A key concern is Finra's shrinking revenue, said brokerage executives. Finra's operating revenues declined 6% in 2016. How will it plug that hole?
“For 2017, we are continuing to take steps to manage expenses closely,” Finra CEO Robert Cook wrote in the regulator's annual report. “Already this year, among other actions, we have reduced year-over-year compensation increases by freezing officer salaries, freezing promotions of existing officers (other than where necessary to backfill positions), and reducing annual merit increases for non-officers.”
Finra could morph into one of three types of organizations, industry executives and observers say.
As the number of broker-dealers continues to decline, Finra could become a smaller, leaner operation, overseeing a smaller brokerage industry.
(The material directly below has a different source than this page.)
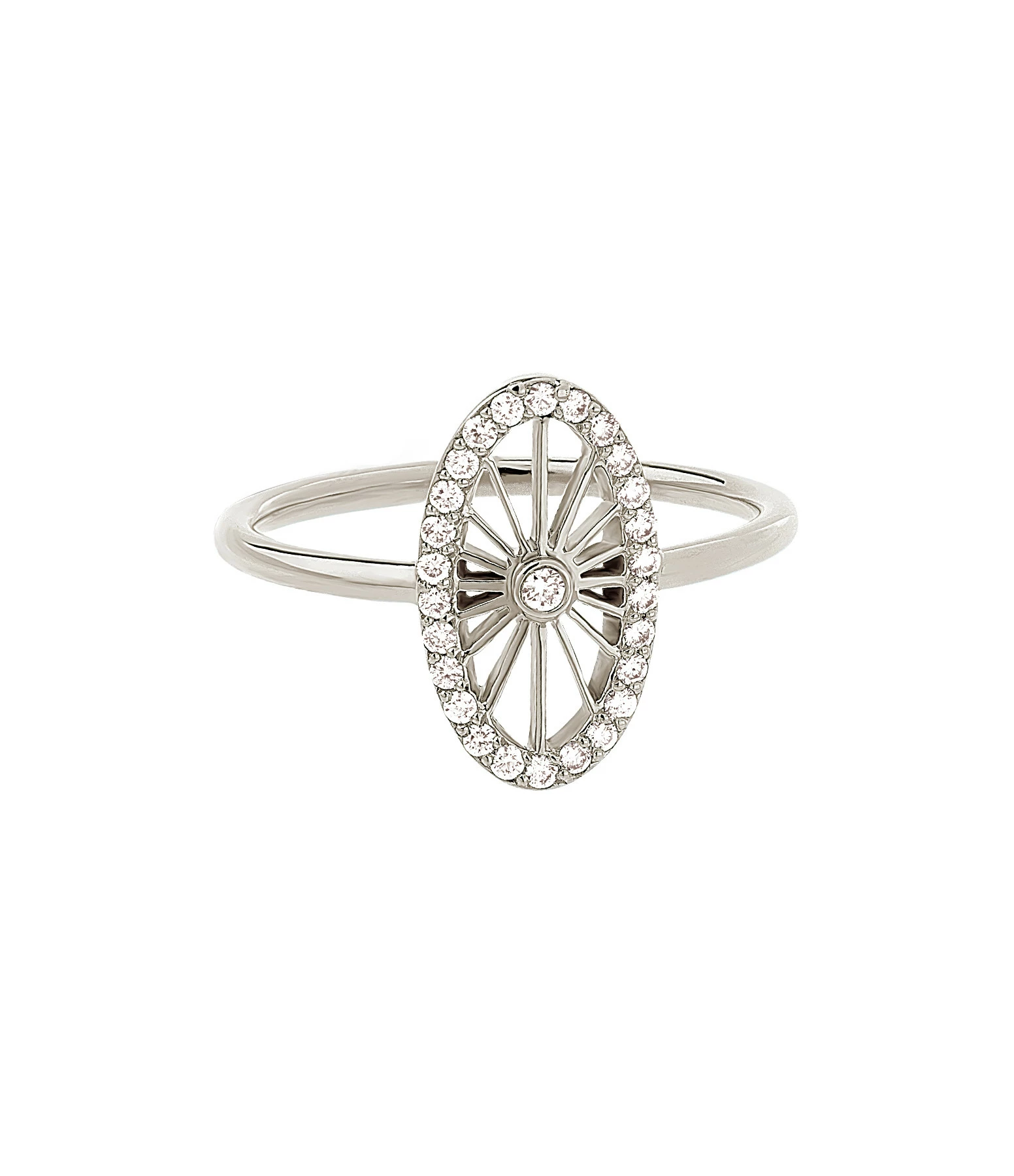 Bague en or blanc ovale sertie de diamants ronds.

Or Finra could become part of the federal government and formally join the SEC, a move that would decimate lucrative salaries as staff would move to a government pay scale. Republicans in Congress are not likely to support such a move as they already criticize Finra for being too much like the SEC and not enough like a self-regulator guided by its membership.
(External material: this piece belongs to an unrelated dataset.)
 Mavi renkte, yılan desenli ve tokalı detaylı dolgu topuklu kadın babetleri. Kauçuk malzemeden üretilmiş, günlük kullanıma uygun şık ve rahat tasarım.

Finally, if Finra is politically savvy, it could expand its reach as a regulator, gain more power and oversee RIAs as well as broker-dealers. In the process, it could ensure its role as the primary enforcer of the DOL's fiduciary rule.
But the 12,172 SEC-licensed registered investment advisers, most of whom started as Finra-registered reps, certainly don't want Finra as their primary regulator and would balk if Finra entered their side of the financial advice industry.
“Finra wanted to regulate the RIA industry and get larger and grow bigger back in 2012, and how did the investment adviser industry respond to that? No damn way,” said Larry Doyle, a former Wall Street executive and outspoken critic of Finra.
“Regulating the RIA industry would be a source of revenues for Finra and it could grow, but there are the inherent conflicts of interest in the model,” Mr. Doyle said.
At Finra's annual conference in May, Mr. Cook said that increasing Finra's reach is not something he's pursuing. But could it find a new source of revenue by using its expertise and technological resources to sell consulting services to its members?
Regardless of what Finra may develop into over the next decade, the hurdles it faces right now are steep.
“We're in a time of tremendous change with the new DOL standard and new leadership at the SEC,” said Mark Casady, the former CEO of LPL Financial and a former Finra board member.
“It's a crazy quilt of regulators covering retail investors; and, with the switch to advisory relationships and the fiduciary standard, Finra, the SEC and the DOL should work together to remake that quilt or sort that out.”